Mehr als 140 Präsidenten, Regierungschefs und Außenminister waren nach München gepilgert – aus Amerika, aus Asien, Afrika und allen Ecken Europas. Die große Welt schrumpfte für ein paar Stunden zusammen auf einen kleinen Saal. das gespaltene Amerika war gleich doppelt vertreten. Durch Kongressabgeordnete der US-Demokraten und Proponenten der Trump-Regierung, die jedoch, angeführt von Außenminister Mike Pompeo erst am Samstag das Mikrofon ergreifen. Am Freitag sprach die Antithese zu Donald Trump, die Mehrheitsführerin im Repräsentantenhaus, Nancy Pelosi.

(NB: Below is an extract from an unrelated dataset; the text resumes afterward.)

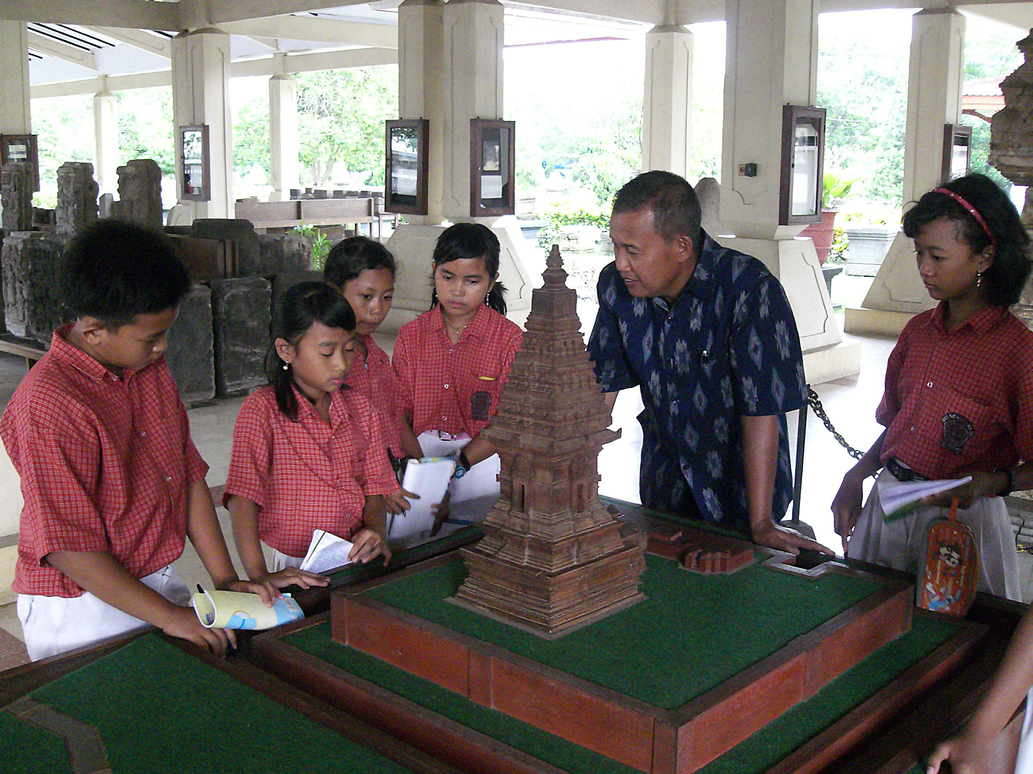 The students listen the explanation and examine the model of Candi Jawi during their study tour at Trowulan Museum, East Java, Indonesia.

Sie rief dazu auf, die Demokratie und das Klima zu schützen. In einem Punkt vertrat sie indes dieselbe Linie wie der USPräsident: China dürfe nicht gestattet werden, über Huawei und die 5G-Technologie sein autokratisches Modell zu verbreiten. Das rief im Auditorium eine Vertreterin der chinesischen KP auf den Plan. Sie fragte, wovor der Westen Angst habe. Die chinesische Regierung habe doch auch Microsoft zugelassen.
Auf dem Podium nahmen später neben dem kanadischen Premier Justin Trudeau und der norwegischen Regierungschefin Erna Solberg auch der österreichische Kanzler Sebastian Kurz Platz. Sie schlugen, moderiert vom Historiker Timothy Garton Ash, optimistischere Töne an. Solberg wies darauf hin, dass der Westen immer noch attraktiv sei, sonst zöge es nicht so viele Migranten nach Europa. Kurz betonte, das westliche Modell müsse auch wirtschaftlich erfolgreich sein, wenn es als Vorbild taugen solle.
Gleichzeitig dürfe der Westen sich nicht selbst schlecht reden und schleunigst wieder Verbindendes vor Trennendes stellen. Gefragt nach Ungarn, meinte Kurz, bei Rechtsstaatlichkeit, Demokratie und Medienfreiheit dürfe es keine Kompromisse geben. In anderen Bereichen, etwa in puncto Migration oder auch beim Klimaschutz, müssten jedoch offene Debatten möglich sein.
Den Beschluss der Schwesterpartei CDU, nicht mit der rechten AfD zu paktieren, unterstützte Kurz übrigens öffentlich. Den Vergleich mit der FPÖ, mit der er selbst koaliert hatte, wollte er nicht gelten lassen.